ALUMNI ON THE PROGRAM COMMITTEE: Allison Blodgett CURRENT CONTRIBUTING AUTHORS: Cynthia Clopper Micha Elsner Nikole Patson-Huffman (Psychology, Mansfield) Kiwako Ito Marie-Catherine de Marneffe Carl Pollard

Adam Royer Marten van Schijndel William Schuler Shari Speer Abby Walker Kodi Weatherholtz CURRENT PROGRAM COMMITTEE: Lauren Squires (English) Rory Turnbull Laura Wagner (Psychology) Seth Wiener (DEALL)

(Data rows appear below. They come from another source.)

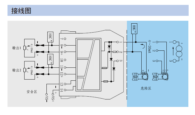 或電流源4~20mA信號,隔離傳送到安全區(qū)兩路輸出,并支持HART信號雙向通訊。變送器
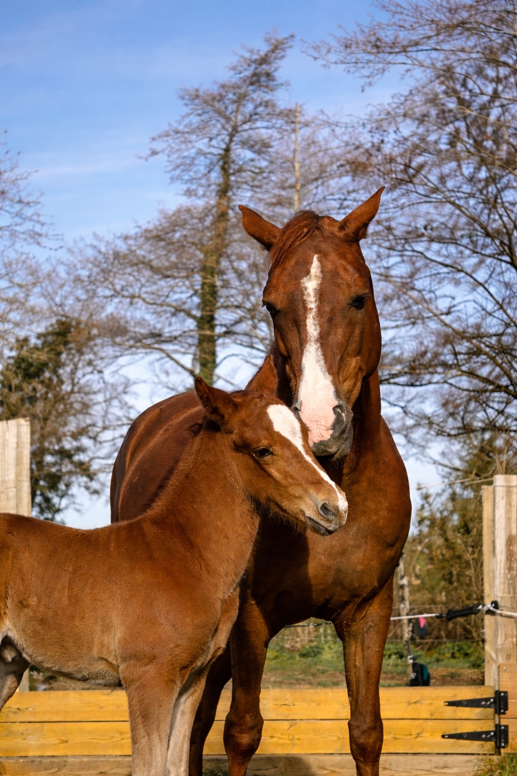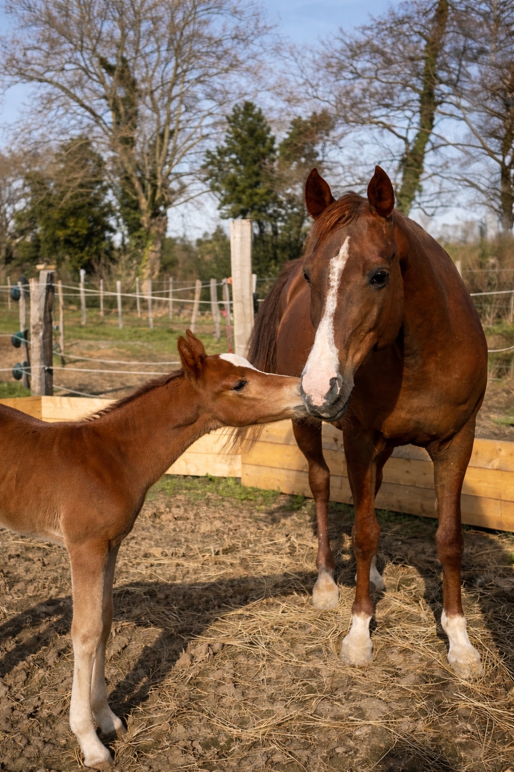 Le premier repère du poulain reste bien sûr sa mère. Son meilleur apprentissage passe par elle. C’est pourquoi Les Jardins de Kyra mettent un point d’honneur à laisser la poulinière au sein de son troupeau le plus tardivement possible avant la mise bas. Nous privilégions des box ouverts sur paddock, installés au milieu du troupeau, afin que les poulinières puissent continuer à bénéficier du contact visuel et olfactif avec les autres chevaux.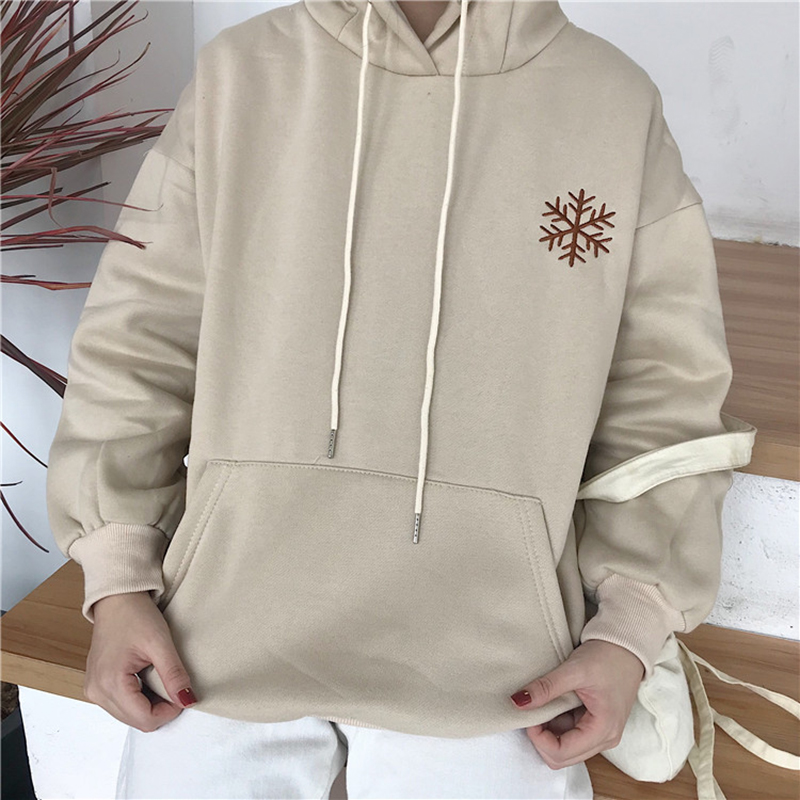 可愛少女刺繡寬松加絨衛衣冬裝2018新款學生韓版時尚連帽上衣外套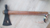 Handgeschmiedeter Tomahawk mit Herzausschnitt. Am Ende wurde eine Hornkralle mit Perlenverzierung angebracht.

OHIO STATE LINGUISTICS: 50 YEARS In 2017, we will celebrate 50 years as a department. The department has grown in size and distinction in that time; It began with just three founding faculty members (Cathy Callaghan, Charles J. Fillmore and the first department chair, Ilse Lehiste). In 50 years, that number has grown to 16 faculty members, around 45 PhD students and 150+ undergraduate majors. Our graduate program was ranked 15th in the world (of 200) and 4th among U.S. public universities according to the most recent QS World University Rankings for Linguistics. We kicked off the celebration with an informal gathering at the Linguistic Society of America conference this year. We plan to celebrate this momentous occasion appropriately and hope to include as many current and former members of the department as possible.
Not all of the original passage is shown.